■ DATA

· · · · · · ·

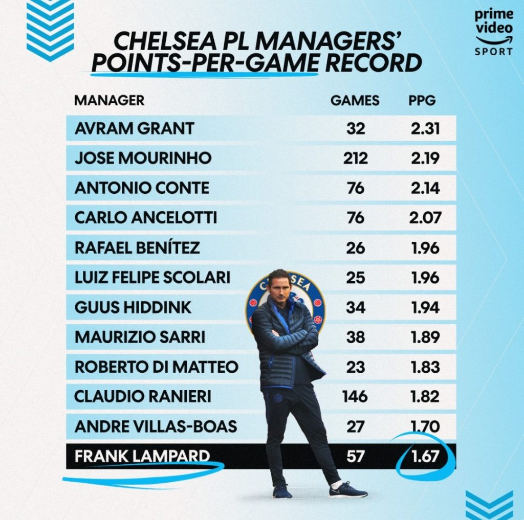 A játékoslegendáé a legpocsékabb győzelmi arány az Abramovics-éra alatt, mindössze 1,67 pont szerzett meccsenként. Összesen 141 meccsen irányította a kékeket, 70 győzelem mellett 30 döntetlen és 41 vereség a mérlege.
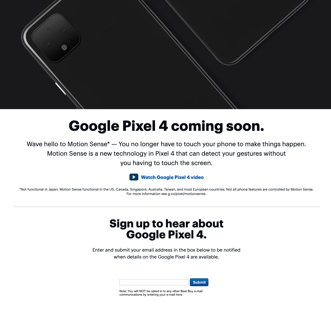 At some point, according to Best Buy, you’ll be able to go to g.co/pixel/motionsense to learn more about the Pixel 4’s Motion Sense, but that link is not yet live.
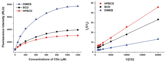 Fluorescence emission intensities (left) of resorufin (0.4 μM) in the presence of increasing β-cyclodextrin (BCD), hydroxypropyl-β-cyclodextrin (HPBCD), and heptakis-2,6-di-O-methyl-β-cyclodextrin (DIMEB) concentrations in PBS (pH 7.4; left). Benesi-Hildebrand plots of resorufin-CD complexes (right; λex = 570 nm, λem = 583 nm) (RLU = relative light unit).

· · · · · · ·

■ BRIEF
Starting with the line that contains "At some point, according" and ending with the last line of the material, every line must be written out exactly; no other lines and no pictures are wanted.

■ EXPECTED ANSWER
 At some point, according to Best Buy, you’ll be able to go to g.co/pixel/motionsense to learn more about the Pixel 4’s Motion Sense, but that link is not yet live.
 Fluorescence emission intensities (left) of resorufin (0.4 μM) in the presence of increasing β-cyclodextrin (BCD), hydroxypropyl-β-cyclodextrin (HPBCD), and heptakis-2,6-di-O-methyl-β-cyclodextrin (DIMEB) concentrations in PBS (pH 7.4; left). Benesi-Hildebrand plots of resorufin-CD complexes (right; λex = 570 nm, λem = 583 nm) (RLU = relative light unit).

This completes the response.